Ik was twee keer in Litouwen. Beide keren voor
een volksmuziekfestival. Eind mei was er “Skamba, Skamba Kankliai”, waar klanken uit de Baltische staten hoogtij
vierden. Ik ging per auto en verdeelde route in drie stukken: de eerste dag tot
over de Poolse grens, de tweede dag door Polen en de derde dag tot Vilnius. De
tweede dag zou me heugen, ik eindigde in een hotel in de buurt van Suwalki, van
slapen kwam weinig omdat er ’s avonds en een groot deel van de nacht in het
hotel een lawaaïg feestje werd gevierd. De volgende ochtend ontdekte ik dat mijn
auto uitgebreid als pispaal was gebruikt. Na
enig aandringen werd een mannetje met een emmer met water naar buiten gestuurd
om de auto “schoon” te maken. Ik nam me meteen voor op zoek te gaan naar een
alternatief voor de terugreis, dat
vond ik: ik kon met een schip onder Kazakhstaanse vlag in anderhalve dag van
Klaipéda naar Kiel. Natuurlijk heb ik dat gedaan.

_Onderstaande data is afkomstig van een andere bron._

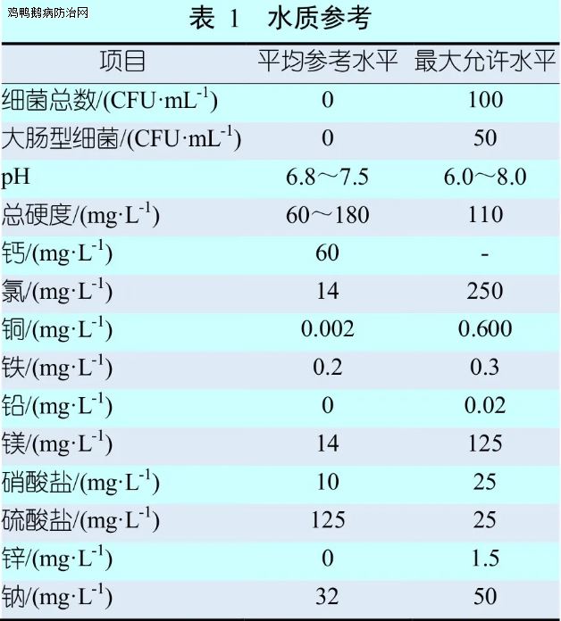 鸡场应每年至少采集两次水样(夏季1次,冬季1次),并检测水中微生物和矿物质的含量。水样应采集自饮水系统的起点和终点。在采样时需确保水的新鲜,因此采样前先让饮水系统运行几分钟。用无空隙的无菌容器采集水样,水样采集应后在24 h内送达实验室。表1所列出的数据可被用作评估鸡场水质的一个准则。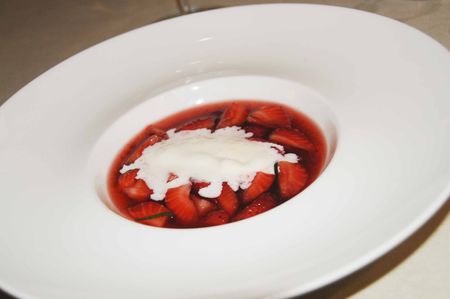 Soupe de fraises parfumée menthe et basilic, glace au gingembre confit: très bon mais très simple pour cette catégorie de restaurant.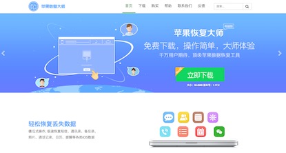 進入蘋果恢復大師網(wǎng)站首頁,點擊【立即下載】(下為 Windows 版, Mac 版步驟相同)下載蘋果恢復大師。如果您在使用蘋果恢復大師的過程中,遇到產(chǎn)品錯誤、崩潰、各種Bug,或者有相關建議,可以直接到產(chǎn)品論壇進行發(fā)帖(點這里),及時的問題反饋和好的建議將會對產(chǎn)品改進有很大的幫助。

Voor het tweede festival vloog ik met de
Litouwse luchtvaartmaatschappij LAL in een machine, die ook voor heel andere
doeleinden kon worden gebruikt – de wc kon van een geschutskoepel worden
voorzien – naar Vilnius. De muziek op het festival was destijds authentiek,
gister op zoek op YouTube bleek
daar weinig van over, veel is nu overgoten met een Duits sausje, van het
soort pseudofolklore waarop de Duitse televisie ons op zondagmorgen regelmatig vergast.
Een en ander zal in Litouwen te maken hebben met het vermaken van de Duitse toerist, wiens
overgrootouders ooit in Memel e.o. woonden. (de foto's zijn gemaakt op het tweede festival)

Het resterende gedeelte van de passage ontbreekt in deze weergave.